Faulk nodded and sighed, and felt his exhaustion like a form of failure.

“Somebody said the Pennsylvania one was headed for the Capitol Building or the White House.”

“Jesus.”

“Can I fix you something to eat or drink?”

“I think I just want a glass of water.”

They went together into the kitchen, and she put ice in a glass and poured the water. “Jack went to bed at nine. He hasn’t been feeling all that well. He’s been fighting the first cold of the year. And then this business has really upset him.”

“Still can’t quite believe it,” he told her. “The whole thing.”

“Nobody can believe it. Everybody’s in shock.”

Then Jack was there, leaning on the frame of the doorway. “I’m feeling all right,” he said. You could hear the congestion in his voice. “Don’t get up, son,” he said as Faulk started to rise. He shuffled over to the refrigerator and got a beer. “Do you believe this shit?”

“That’s exactly what my father said,” Faulk told him.

“We were just saying—” said Clara.

“I heard you.” Jack opened the beer. “And I still end up saying: do you believe this shit?”

“I remember being so appalled at the bombing there in ’93. At what they were trying to do.”

“The cabbie who brought me here got attacked this morning,” Faulk told them. “Poor guy only looks the part. A Palestinian Christian, for God’s sake.”

“What will happen next, I wonder,” Clara said. “I mean we’re at war with somebody . Maybe the whole rest of the world.”

Greta came to the doorway now, wrapped in a light blue robe, looking at each of them. She walked over and hugged Faulk. “Hello, Cuz.”

“Hi.”

She looked at Jack. “Can I have a little of that in a glass?”

Jack got a glass out of the cabinet and poured some of the beer. Greta sat down across from Faulk. “I can’t do this at home unless there’s a big gathering.” She shook her head and smiled, turning to Faulk. “Have you got in touch with Natasha?

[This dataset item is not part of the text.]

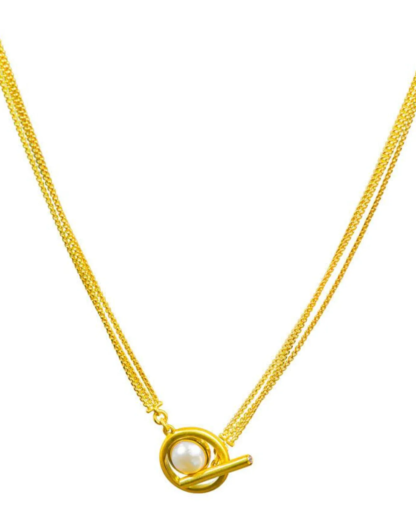 Dean Davidson layered statement pendant necklace features a genuine pearl surrounded by a thin gold outline and suspended on a four strand chain and toggle closure.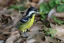 黄腹山雀是雀形目山雀科山雀属鸟类。虹膜褐色或暗褐色;嘴蓝黑色或灰蓝黑色;头、喉胸斑黑色,颊斑、颈后斑白色;上体蓝灰色,腰银白色;翼具两排白色点斑;下胸、腹鲜黄色;尾黑色,…全部>>

And congratulations, by the way.”

“Thanks. And no.”

“Imagine. Stranded in paradise.”

“How are you?”

“We were sitting outside eating breakfast and watching the rowing crews on the river. We heard the explosion. It shook the water glasses on the table. And then we saw the smoke. Tom knew immediately it was a plane.”

Jack stood leaning on the stove and drank the beer. He said, “I heard tonight on the news that the bastard who did it, the mastermind, is a guest of the Taliban. In Afghanistan.”

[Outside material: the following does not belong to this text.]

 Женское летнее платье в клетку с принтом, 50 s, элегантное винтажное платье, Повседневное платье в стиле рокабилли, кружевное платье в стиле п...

“I can’t remember the name,” Faulk said.

Greta said the name. “Tom’s been talking about him for years.”

“Clinton tried to get him,” Jack put in. “A goddamned rich kid from Saudi Arabia. Big oil family.”

“So we’re gonna be at war with Afghanistan?”

“Looks like it.”

They were silent for a few moments.

“I’d like to see us rebuild both towers even taller than before,” Jack said. “And with both buildings culminating in the shape of a fist with the middle finger raised, facing east.”

“Jack,” Clara said. But she smiled.

“Tom’s afraid they might use this as an excuse to go after Iraq.”

“That’s alarmist,” said Clara. “Isn’t it?”